Софья Евгеньевна ощущала только тупое давление непонимания в голове. Раздели?.. В загсе?.. А почему они не заявили в милицию?.. Заявили, Софья Евгеньевна, вся родня сейчас дает показания, но не откладывать же регистрацию из-за этого? Мы так ждали, надеялись, куклы на бампере, сельдерей под подушкой!..
Ефим оседлал вдохновение… Банкет с симфоническим оркестром ждет! Малым Академическим!.. Он был неудержим и страстен, и Софья Евгеньевна ощутила, наконец, эту тугую, властную волну очарования, и поплыла. Сладкая истома сковала ее, а организм исполнил непозволительный каприс.
— Вы пианист? — спросила она кокетливо, в нос.
— Да! — пообещал Ефим. — Известный… вот ноты! — показал он какой-то исписанный листок и не мешкая перешел к делу:
— Начнем, Софья Евгеньевна… со второй цифры. Это жених!
Софья Евгеньевна посмотрела на Фому, вспоминая, кто он.
— Вы жених?.. — Она-то все равно была уверена, что перед ней сумасшедший, но… «чертова свобода вероисповедания в туалетах», почему-то пронеслось у нее в голове.
Фома сбитым соколом посмотрел на нее, вразнос. Руки он, от фантастики происходящего, засунул глубоко в карманы и по раздвинувшимся полам халата было видно: да, жених, без сомнения!..
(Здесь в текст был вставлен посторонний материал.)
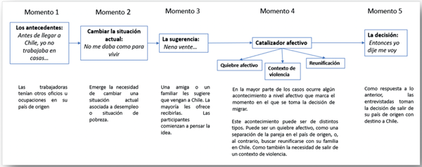 Este estudio presentó una secuencia de cinco ejes temáticos (ver figura 1), comenzando con “Los antecedentes”, que revela cómo las trabajadoras no se dedicaban al trabajo doméstico en sus países de origen. El segundo eje muestra la necesidad de “Cambiar la situación actual” que presentan las participantes, motivada por condiciones económicas o contextuales desfavorables. El tercer eje introduce una “Sugerencia” de una amiga o familiar de emigrar a Chile para trabajar. El cuarto eje, denominado el catalizador afectivo, resalta los elementos emocionales que influencian la decisión de migrar. Finalmente, el quinto eje incorpora la decisión de emprender la migración como culminación de los eventos previos, momento en el cual las entrevistadas dejan su país para comenzar su nueva trayectoria en Chile.
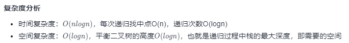 class Solution { public TreeNode sortedListToBST(ListNode head) { //1. 特例处理 if (head == null){ return null; }else if(head.next == null){ return new TreeNode(head.val); } //2. 利用快慢指针找链表中间节点 ListNode slow = head, fast = head; ListNode pre = null; while( fast != null && fast.next != null){ pre = slow; slow = slow.next; fast = fast.next.next; } //3. 创建树的根节点,并断开相应连接 TreeNode root = new TreeNode(slow.val); pre.next = null; //4. 递归链表中间节点左右两边的子链表 root.left = sortedListToBST(head); root.right = sortedListToBST(slow.next); return root; } } 作者:edelweisskoko 链接:https://leetcode-cn.com/problems/convert-sorted-list-to-binary-search-tree/solution/109-you-xu-lian-biao-zhuan-huan-er-cha-s-x583/ 来源:力扣(LeetCode) 著作权归作者所有。商业转载请联系作者获得授权,非商业转载请注明出处。
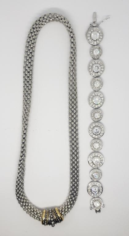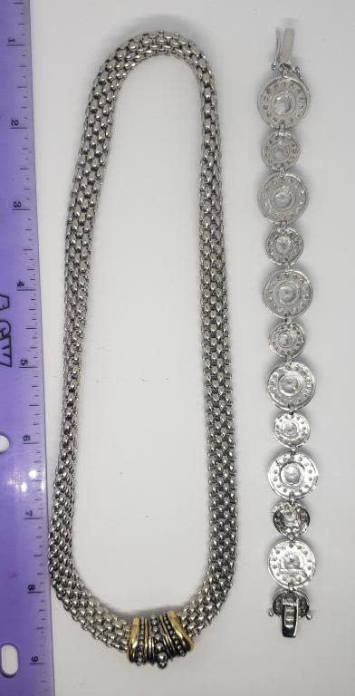 NECKLACE WITH MAGNETIC CLOSURE PLUS 7 INCH CIRCULAR RHINESTONE PANEL BRACELET

— Жених, жених! — торопил Ефим. — Разве не видно, Софья Евгеньевна?.. Только онемел от горя!
— Не видно! — капризничала та все тем же гнусавым голосом, казавшимся ей верхом элегантности. — Это в нарушение всех правил!.. Как он выглядит, это же неуважение!
— Софья Евгеньевна, у человека горе — свадьба, да еще с ограблением и обращением в новую веру! Ему необходимо сочувствие!.. И потом, цыганка нагадала, что он женится в чем попало, а ей…
Он показал на Веру…
— Что выйдет, за кого попало!
— Ну, верно, — вяло согласилась загсменша.
— Ну, вот видите, это судьба!.. — Ефим снова был рядом с нею, роковой, как антрацитовый концертный рояль.
— Итак, с третьей цифры… бракосочетание!.. — страстно воскликнул он, возвращая Софью Евгеньевну в прежнее, зыбкое состояние восторга и томления перед высоким миром искусств.
Ей показалось, что она стоит перед огромным залом, чтобы вот-вот поразить его кантиленой, о чем мечтала, собственно, всегда. Ефим легкими руками пианиста сделал несколько пассов, как будто брал сразу самые нижние ноты в самых верхних местах: «Начнем!» — и… она запела…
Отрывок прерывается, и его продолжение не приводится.